Direct coupling of an electrolyser to a solar PV system for generating hydrogen

Hydrogen as an energy currency, carrier and storage medium may be a key component of the solution to problems of global warming, poor air quality and dwindling reserves of liquid hydrocarbon fuels. Hydrogen is a flexible storage medium and can be generated by the electrolysis of water. It is particularly advantageous if an electrolyser may be simply and efficiently coupled to a source of renewable electrical energy. This paper examines direct coupling of a polymer electrolyte membrane (PEM) electrolyser to a matched solar photovoltaic (PV) source for hydrogen generation and storage. Such direct coupling with minimum interfacing electronics would lead to substantial cost reduction and thereby enhance the economic viability of solar-hydrogen systems. The electrolyser is designed for fail-safe operation with multiple levels of safety and operational redundancy. A control system in the electrolyser unit provides for disconnection when required and for auto-start in the morning and auto shut-down at night, simultaneously addressing the goals of minimum energy loss and maximum safety. The PV system is a 2.4 kW array (20.4 m2 total area) comprising 30, 12 V, 80 W, Solarex polycrystalline modules in a series–parallel configuration.
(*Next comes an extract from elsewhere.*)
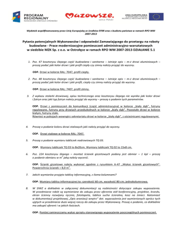 Wydatek współfinansowany przez Unię Europejską ze środków EFRR oraz z budżetu państwa w ramach RPO WM 2007-2013 Pytania potencjalnych Wykonawców i odpowiedzi Zamawiającego do przetargu na roboty budowlane - Prace modernizacyjne pomieszczeń administracyjno-warsztatowych w siedzibie MZK Sp. z o.o. w Ostrołęce w ramach RPO WM 2007-2013 DZIAŁANIE 5.1 1. Poz. 47 kosztorysu ślepego część budowlana i sanitarna – istnieje opis – m-ż drzwi aluminiowych – proszę podać jaki kolor drzwi i jaki profil ciepły czy zimny należy przyjąć do wyceny. ODP. Drzwi w kolorze RAL: 7047, profil ciepły. 2. Poz. 48 kosztorysu ślepego część budowlana i sanitarna – istnieje opis – m-ż drzwi aluminiowych – proszę podać jaki kolor drzwi i jaki profil, ciepły czy zimny należy przyjąć do wyceny. ODP. Drzwi w kolorze RAL: 7407, profil zimny. 3. Z wykazu stolarki drzwiowej, opisu technicznego oraz kosztorysu ślepego nie wynika jaki kolor drzwi i futryn oraz jaki typ futryn należy przyjąć do wyceny – proszę o podanie tych parametrów. ODP. Drzwi z pomieszczeń do komunikacji (część administracyjna) w kolorze „biały dąb”, futryny regulowane, futryny przy drzwiach przedszkolnych w kolorze „biały dąb”. Pozostałe drzwi w kolorze białym, futryny stałe. Również w pokojach wewnątrz sekretariatu drzwi w kolorze „biały dąb”, z ościeżnicami regulowanymi. 4. Proszę o podanie koloru drzwi stalowych jaki należy przyjąć do wyceny. ODP. Drzwi stalowe w kolorze RAL: 7047. 5. Proszę o podanie wymiaru tabliczek nadrzwiowych TQ 03. ODP. Wymiary tabliczek TQ 03 to 8x20cm. Wymiary tabliczek TQ 02 to 15x8 cm. 6. Poz. 224 kosztorysu ślepego – montaż ścianek giszetowych podany jest obmiar – 1 kpl – proszę 2 o podanie obmiaru w m jaką należy wycenić. ODP. Ścianki giszetowe należy wykonać zgodnie z rysunkiem A-47 „Wykaz ścianek giszetowych”. 2 Powierzchnia ścianek = 8,0 m . 7. Jakich wymiarów przyjęto tablicę informacyjną, z iloma kolumnami? ODP. Wymiary tablicy informacyjnej to: szerokość 60 cm, wysokość 80 cm; jednokolumnowa. 8. W SIWZ a dokładnie w załączonej dokumentacji są rozbieżności dotyczące zakupu wyposażenia. W przedmiarze robót są wymienione do zakupu przez oferenta stół konferencyjny, projektor, krzesło, ekran ścienny rozwijany ręcznie, fototapeta, tablica sucho ścieralna, kosz na śmieci. Natomiast w dokumentacji projektowej „Opis aranżacji wnętrz” dot. wyposażenia jest wymienionych oprócz tych ujętych w przedmiarze dużo więcej rzeczy do zakupu przez Wykonawcę. Proszę o podanie, co dokładnie ma zakupić oferent i w jakich ilościach. ODP. Poniżej zamieszczamy wykaz sprzętu stanowiącego wyposażenie poszczególnych pomieszczeń. Wykaz sprzętu stanowiącego wyposażenie poszczególnych pomieszczeń SPRZĘT EWENTUALNY OPIS ILOŚĆ SALA WYKŁADOWA Stół konferencyjny np. SIMPLE 120x60 21 szt. Krzesła np. SAMBA NET chrome 39 szt. Projektor np. NEC MX230 Sonako 1 szt. Ekran ścienny rozwijany np. 240x181,3cm Sonako 1 szt. Fototapeta Wymiary 381x320cm 1 szt. Tablica sucho ścieralna Wymiary 240x120cm 1 szt. Kosz na śmieci --2 szt. SZATNIA (nr 1-3) Szafka ubraniowa dwusegmentowa 1800x810x500 15 szt. Ławki Wymiary 160x44cm 2 szt. POKÓJ SOCJALNY (nr 1-3A) Stół Wymiary 80x80cm 2 szt. Krzesła --5 szt. Kosz na śmieci --1 szt. Umywalka Istniejąca, zmiana lokalizacji/materiał z odzysku Zlewozmywak Istniejący Szafka z przegródkami na jedzenie pracowników Istniejący Czajnik elektryczny --1 szt. Kuchenka mikrofalowa --1 szt. Dozownik na mydło --1 szt. Uchwyt na ręczniki papierowe --1 szt. NATRYSKI (nr 1-6) Podesty --Wieszak na ręczniki --2 szt. Półka na mydło --2 szt. Kosz na śmieci --1 szt. UMYWALNIA (nr 1-5) Podest --Wieszak na ręczniki --1 szt. Dozownik na mydło --1 szt. Kosz na śmieci --1 szt. Uchwyt na ręczniki papierowe --1 szt. WC Uchwyt na papier --1 szt. Kosz na śmieci --1 szt. Szczotka do WC --1 szt. PRZEDSIONKI WC I ŁAZIENEK Wieszak na ręczniki --1 szt. Dozownik na mydło --1 szt. Kosz na śmieci --1 szt. Suszarka do rąk --1 szt. POKÓJ KIEROWCÓW Szafki na jedzenie własne pracowników 60 sekcji 1 szt. Stoły i krzesła Istniejące Kosz na śmieci Istniejący Umywalka Istniejący Zlewozmywak Istniejący Czajnik elektryczny Istniejący Kuchenka mikrofalowa Istniejąca Dozownik na mydło 1 szt. Uchwyt na ręczniki papierowe 1 szt.

The integrated system has been operated for approximately 60 days over a 4-month period from September 2007 to January 2008 with many periods of unattended operation for multiple days, experiencing weather ranging from hot and sunny (above 40 °C) to cool and cloudy. The principle and practicality of direct coupling of a suitably matched PV array and PEM electrolyser have been successfully demonstrated. Details of electrolyser operation coupled to a PV array along with modelling work to match current–voltage characteristics of the electrolyser and PV system are described.